> _What is expected_
The copy you return must match the listing word for word and carry no pictures.

> _Raw data_
════════════════════
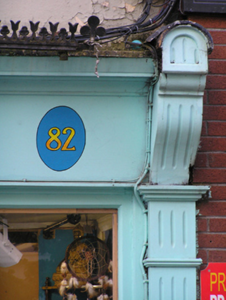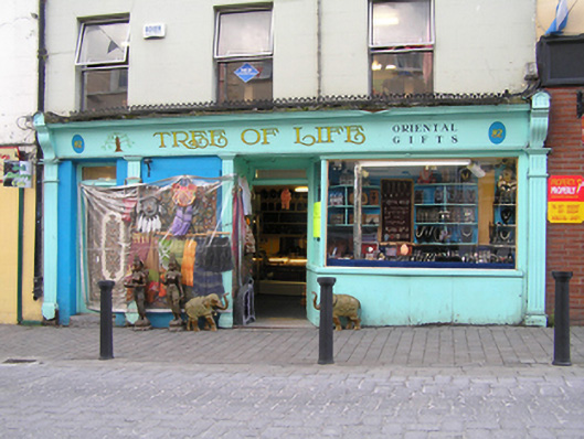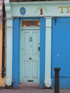 Terraced three-bay three-storey former house, built c. 1850, with original timber shopfront inserted c. 1910, in use as commercial premises. Pitched artificial slate roof, clay ridge tiles, shared brick chimneystack to east. Cast-iron rainwater goods. Painted ruled-and-lined rendered walling, square-headed window openings and painted stone sills, replacement aluminium windows. Timber shopfront spans entire ground floor comprising fixed-pane display window on timber sill and stall riser, flanked by fluted timber pilasters supporting timber fascia flanked by scrolled brackets having cast-iron decorative grille over, inset square-headed door opening with timber panelled and glazed door, rectangular overlight and terrazzo step, plain timber wall and further square-headed door opening with replacement timber panelled door and rectangular overlight.
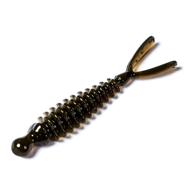 Имитация личинки насекомого. Обладает треугольным в сечении телом, ребристым по бокам и плоским снизу. В задней части есть раздвоенный хвостик, который при проводке создает дополнительную игру, провоцируя на атаку даже самого «заторможенного» хищника. Отлично работает на всех видах джиговых монтажей.
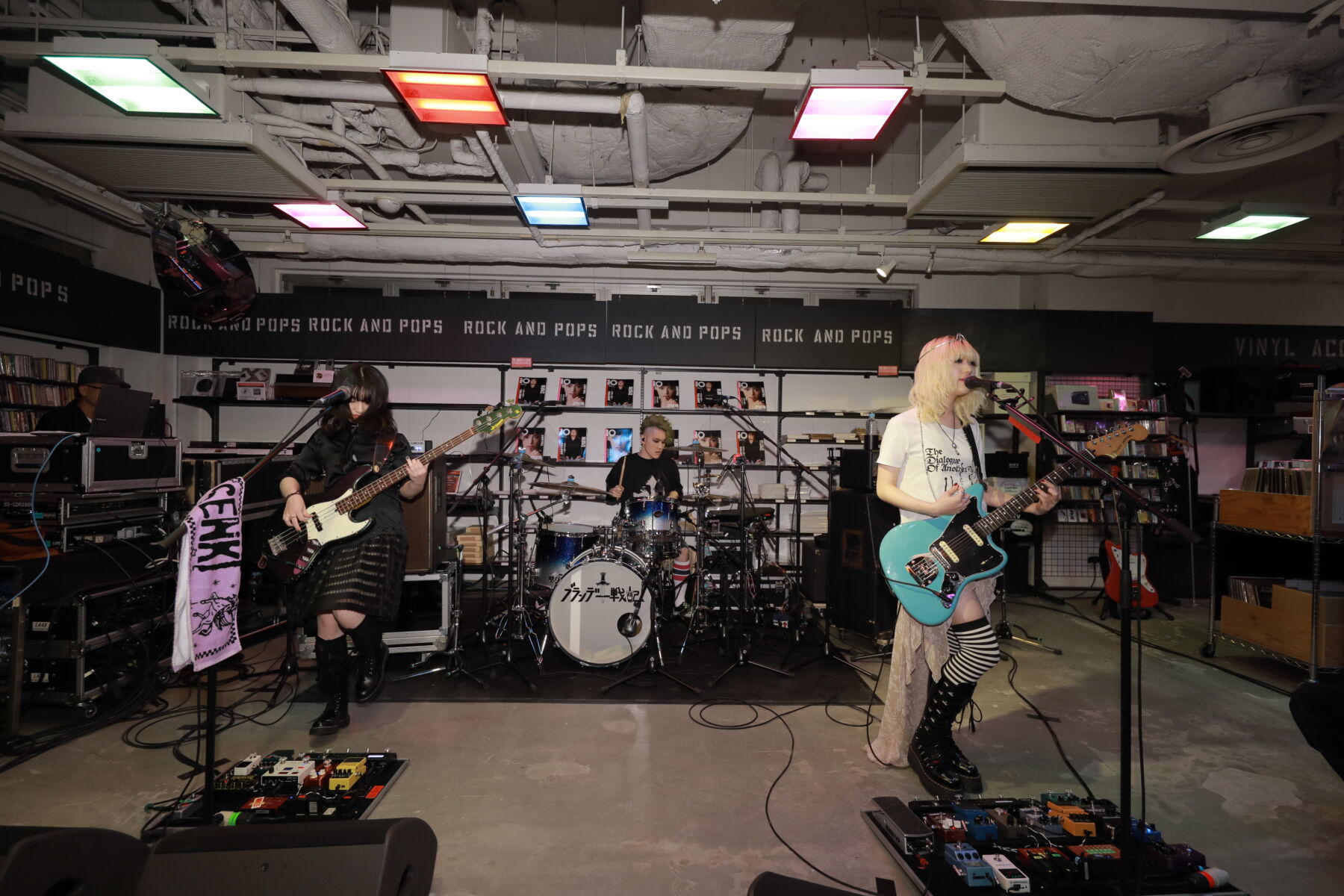 DJブースでは、本誌の企画にも登場したLicaxxxが、オールヴァイナルでクールかつ洗練された選曲を披露。アナログならではの温かみのある音が空間を包み込み、会場の熱気をさらに高めた。さらに、唯一無二のフレッシュなエネルギーを放つスリーピースバンド、ブランデー戦記がスペシャルパフォーマンスを披露。力強いサウンドと躍動感あふれるステージングで観客を魅了し、会場のボルテージは最高潮に達した。音楽とファッションが交差する一夜限りの夢のような時間に、集まった観客たちは酔いしれた。
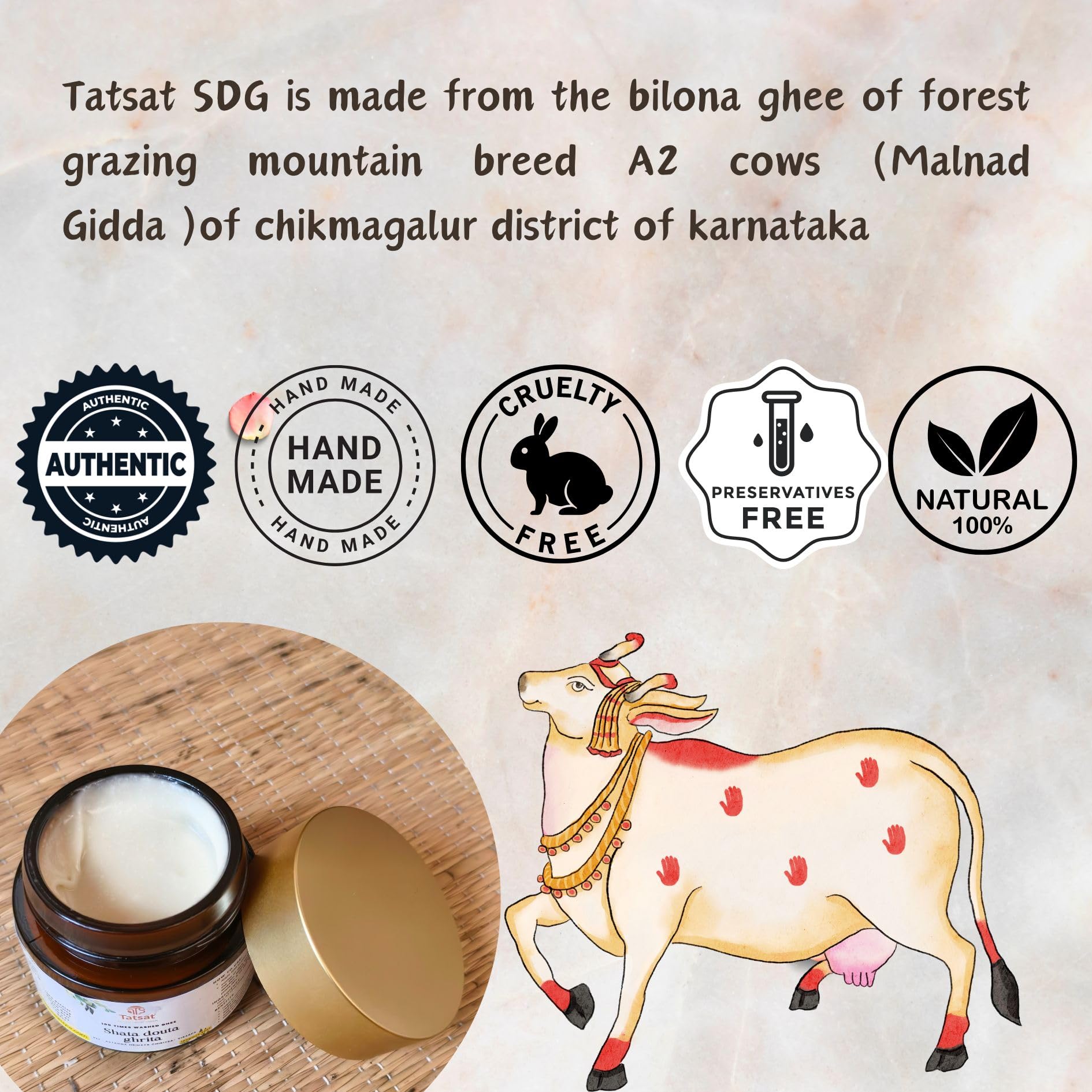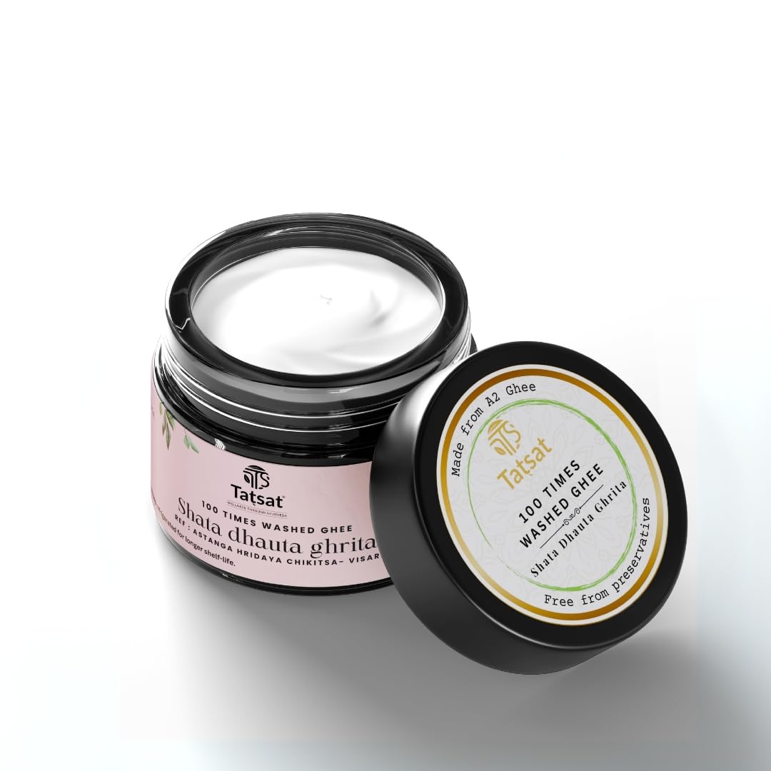 TATSAT - WELLNESS THROUGH AYURVEDA Shata Dhauta Ghrita 100 Times Washed Ghee Anti Aging Nourishing Night Cream Removes Stretch Marks | A2 Ghee Skin Moisturizing Cream 100Gm (100gms Unscented)
════════════════════
> _The answer_
 Terraced three-bay three-storey former house, built c. 1850, with original timber shopfront inserted c. 1910, in use as commercial premises. Pitched artificial slate roof, clay ridge tiles, shared brick chimneystack to east. Cast-iron rainwater goods. Painted ruled-and-lined rendered walling, square-headed window openings and painted stone sills, replacement aluminium windows. Timber shopfront spans entire ground floor comprising fixed-pane display window on timber sill and stall riser, flanked by fluted timber pilasters supporting timber fascia flanked by scrolled brackets having cast-iron decorative grille over, inset square-headed door opening with timber panelled and glazed door, rectangular overlight and terrazzo step, plain timber wall and further square-headed door opening with replacement timber panelled door and rectangular overlight.
 Имитация личинки насекомого. Обладает треугольным в сечении телом, ребристым по бокам и плоским снизу. В задней части есть раздвоенный хвостик, который при проводке создает дополнительную игру, провоцируя на атаку даже самого «заторможенного» хищника. Отлично работает на всех видах джиговых монтажей.
 DJブースでは、本誌の企画にも登場したLicaxxxが、オールヴァイナルでクールかつ洗練された選曲を披露。アナログならではの温かみのある音が空間を包み込み、会場の熱気をさらに高めた。さらに、唯一無二のフレッシュなエネルギーを放つスリーピースバンド、ブランデー戦記がスペシャルパフォーマンスを披露。力強いサウンドと躍動感あふれるステージングで観客を魅了し、会場のボルテージは最高潮に達した。音楽とファッションが交差する一夜限りの夢のような時間に、集まった観客たちは酔いしれた。
 TATSAT - WELLNESS THROUGH AYURVEDA Shata Dhauta Ghrita 100 Times Washed Ghee Anti Aging Nourishing Night Cream Removes Stretch Marks | A2 Ghee Skin Moisturizing Cream 100Gm (100gms Unscented)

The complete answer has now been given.